I can understand that you want fully qualified people to plan, architect, design, create, develop, implement and manage the systems but it’s crazy to demand that RCP be the only ones who can use the system as well. Most computing systems are designed to be used by non-IT personnel.

Amazing law.

PS: Just realised that the CPB2011 encourages CNII entities (e.g. the government) to employ non-RCP people to use IT systems aimlessly i.e. without a goal!

CPB2011 and Tort

I think that there is room for me to do a little law school analysis on how the Computer Professionals Bill 2011 can affect tort/contract and vice-versa.

Some people think that if there are problems with the deployment of a computer system, you can already sue under existing law such as Contract Law. Unfortunately, it may not be so simple to sue someone for breach of contract as clearly illustrated in the Highlands Towers case.

As an illustration, imagine if someone was contracted to design and build a high-availability cluster managing the stock market. The system guy decided to only install one server instead of a dozen and that one server died from the overload. In this case, the breach of contract is clear as the contract was for the installation of a cluster, not a single server.

Unfortunately, Contract Law is quite clear about the remedies. If I remember correctly you cannot sue someone for an arbitrarily high value, and that value must be agreed upon the contract. It would not be fair to hire someone to build the system for RM1mil and then sue them for RM100bil.

You can sue for specific performance, and they can re-install a high-availability cluster. You can sue for liquidated damages, which would need to be agreed upon the signing of the contract and will not amount to anywhere near RM100bil as no company would open up themselves to a RM100bil suit for a RM1mil contract.

Furthermore, if that person installed a proper cluster and the stock market system still crashed due to overload, this is no longer an issue of a breach of contract – particularly if the contract was specific enough that the installer actually did everything as per contract. Good luck trying to sue them under Contract Law.

However, the stock market system still crashed and people lost a lot of money. Some may have lost their livelihoods and others, their lives. In order for justice to be served, someone must pay. The question is whom and how much.

This is where the law of Tort comes in. There is the whole concept of ‘duty of care’ due and the standards for ‘duty of care’ become much higher for professionals and experts. So, it might be arguable that there was a breach of duty if the installer built the system to spec even if the spec was sub-standard.

It could be then argued that any reasonable systems installer should be able to calculate a load and then advise their clients, Bursa, that the high-availability cluster would not be sufficient to cater to the expected and foreseeable load based on the transaction volume for the last few years. That data may not be publicly available but as the guys designing the system, they could have gotten it with reasonable diligence.

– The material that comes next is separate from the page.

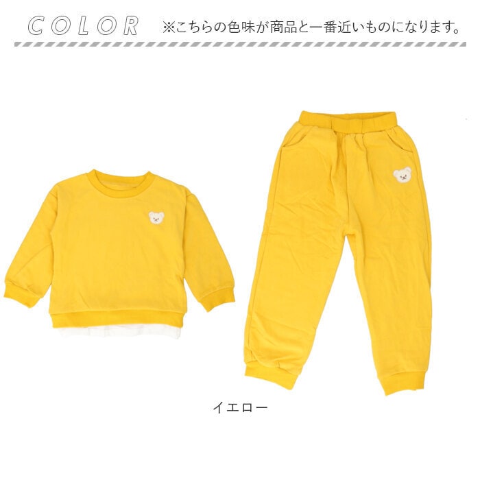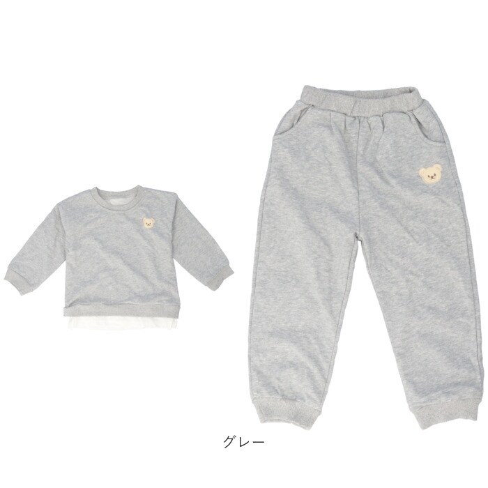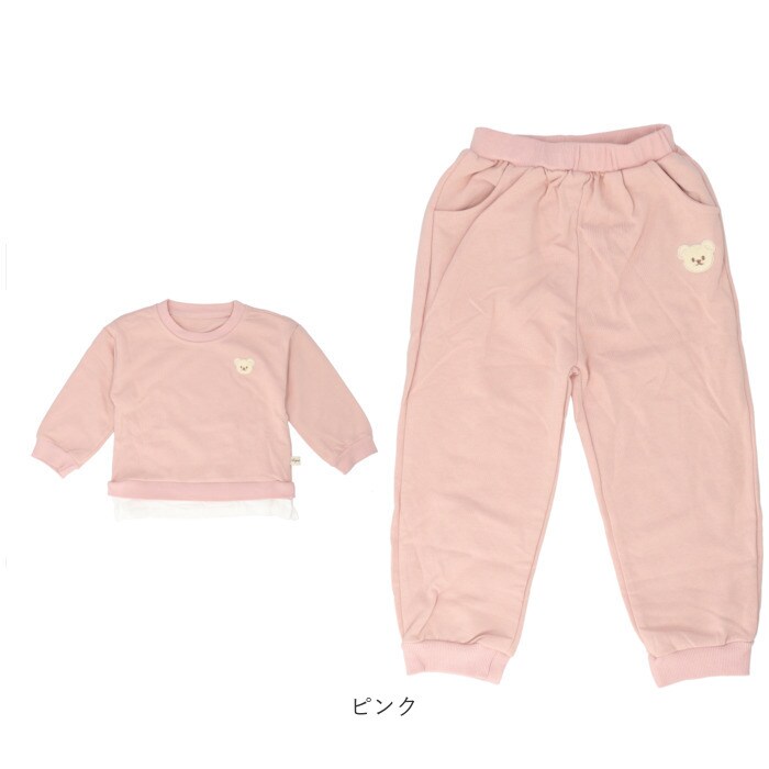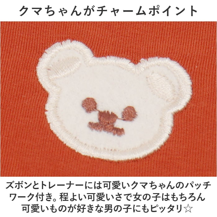 | 商品説明 | お家でも♪お出かけにも♪おしゃれに決まるキッズトレーナーセットアップが発売。【クマちゃんがチャームポイント】ズボンとトレーナーには可愛いクマちゃんのパッチワーク付き。程よい可愛いさで女の子はもちろん可愛いものが好きな男の子にもピッタリ☆【おしゃれなセットアップ】統一感があり、おしゃれに決まるセットアップ!それぞれ単品で使うのもOK!【ラフ過ぎないレイヤード風】トレーナーの下に裾をちょい足し!レイヤード風のデザインでラフすぎず、普段のお出かけにも。【素肌に優しい】チクチクしないコットン混紡生地を採用。素肌にあたっても優しい着心地。【ラクな穿き心地】お腹を苦しめない平ゴム仕様のウエスト。お子さま1人でのお着替えやおトイレもスムーズ!【通園・通学にも】ポケットやハンカチが入るサイドポケット付き。動きやすいから通園通学用として使うのもおススメ♪ |

In this kind of scenario, it would be better to sue under a breach of duty or negligence as the facts of the matter are that the systems were not up to par to handle the expected load.

Now, even if the systems guys did a wonderful job and did everything humanly possible to build a high-availability cluster for the stock market system it still crashed. Sometimes, shit just happens. In this case, there may still be room for some other tort. Depending on the scenario, maybe strict liability can apply.

So, the CPB2011 would help in terms of liability. It now becomes clear that whomever who sells services to critical sectors must be a registered computing professional. This person would then be held liable in the event that shit happened. That is what it means to be a professional.

Having the CPB2011 elevates that position and raises the bar for ‘duty of care’ owed. That is why I am not against the CPB2011 on principle. However, the devil’s in the details and I’ve already looked at some of the other details in my earlier post.